To reveal weapons hidden under a traveler's clothes, the scanner relies on "backscatter technology," which uses the ricochets from low-level X-rays to create what looks like a nude image of the person.
The experts said they fear that the scanners may expose the skin to high doses of X-rays that could increase the risk of cancer and other health problems, particularly among people with weak immune systems.
But officials at the Department of Homeland Security say there is no need to worry.
"The risk is so low it's almost negligible," said Dr. Alexander Garza, the assistant secretary for health affairs and chief medical officer for the department.
The Transportation Security Administration is phasing in the scanners at U.S. airports. TSA says no date has been set for the scanners to arrive at Sea-Tac Airport, but it likely won't be before the end of the year.
Best, worse airlines
for frequent fliers
All airline mileage-reward programs are not created equal. In fact, finding the right one is more crucial than ever.

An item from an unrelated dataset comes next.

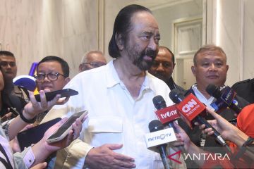 Ketua Umum Partai Nasdem Surya Paloh menjawab pertanyaan wartawan terkait pemilihan Ketua Umum Partai PKB Muhaimin Iskandar sebagai cawapres pasangan Anies Baswedan di Nasdem Tower, Jalan Gondangdia, Jakarta, Kamis (31/8/2023) malam. Selain menanggapi pemilihan Cak Imin sebagai cawapres pendamping Anies Baswedan, Surya Paloh juga memahami kekecewaan Partai Demokrat terkait keputusan tersebut. ANTARA FOTO/Indrianto Eko Suwarso/Spt.

IdeaWorks, a Shorewood, Wis., airline consulting firm, and EzRez Software Inc., a San Francisco travel supplier, made more than 6,000 booking queries on the websites for 22 frequent-flier programs during February and March.
The study found that Rapid Rewards, the program for Southwest Airlines, had the highest rate of seat availability — 99.3 percent. The lowest rates of availability were for US Airways (10.7 percent), and Delta SkyMiles (12.9 percent).
Jamaica travel alert
Add the popular resort destination of Jamaica to the list of troubled hot spots around the world that the U.S. Department of State warns citizens to avoid.
The department issued a travel alert last week advising against travel to Kingston, Jamaica, and surrounding areas because of escalating violence in the country as police and soldiers clashed with drug gangs. Updated information will be posted on the U.S. Embassy's website at http://kingston.usembassy.gov and the U.S. Department of State's travel website at www.travel.state.gov.
Fare hikes coming?
When Continental Airlines Inc. and United Airlines' parent company, UAL Corp., announced a merger, frequent fliers suspected the result would be higher fares.
According to a survey by Rasmussen Reports, of those who travel by air once a month or more, 71 percent said they expected higher prices because of the merger. They may be right, said Ed Perkins, who writes the "Ask Ed" column for SmarterTravel.com.
Perkins pointed out that both airlines have been struggling financially through the latest economic slump.
By uniting, the two are eliminating competition, he said, and now they can cut routes and bump up prices.
It's just a matter of time before the fare hikes begin, he said. "How quickly they can do that is anyone's guess."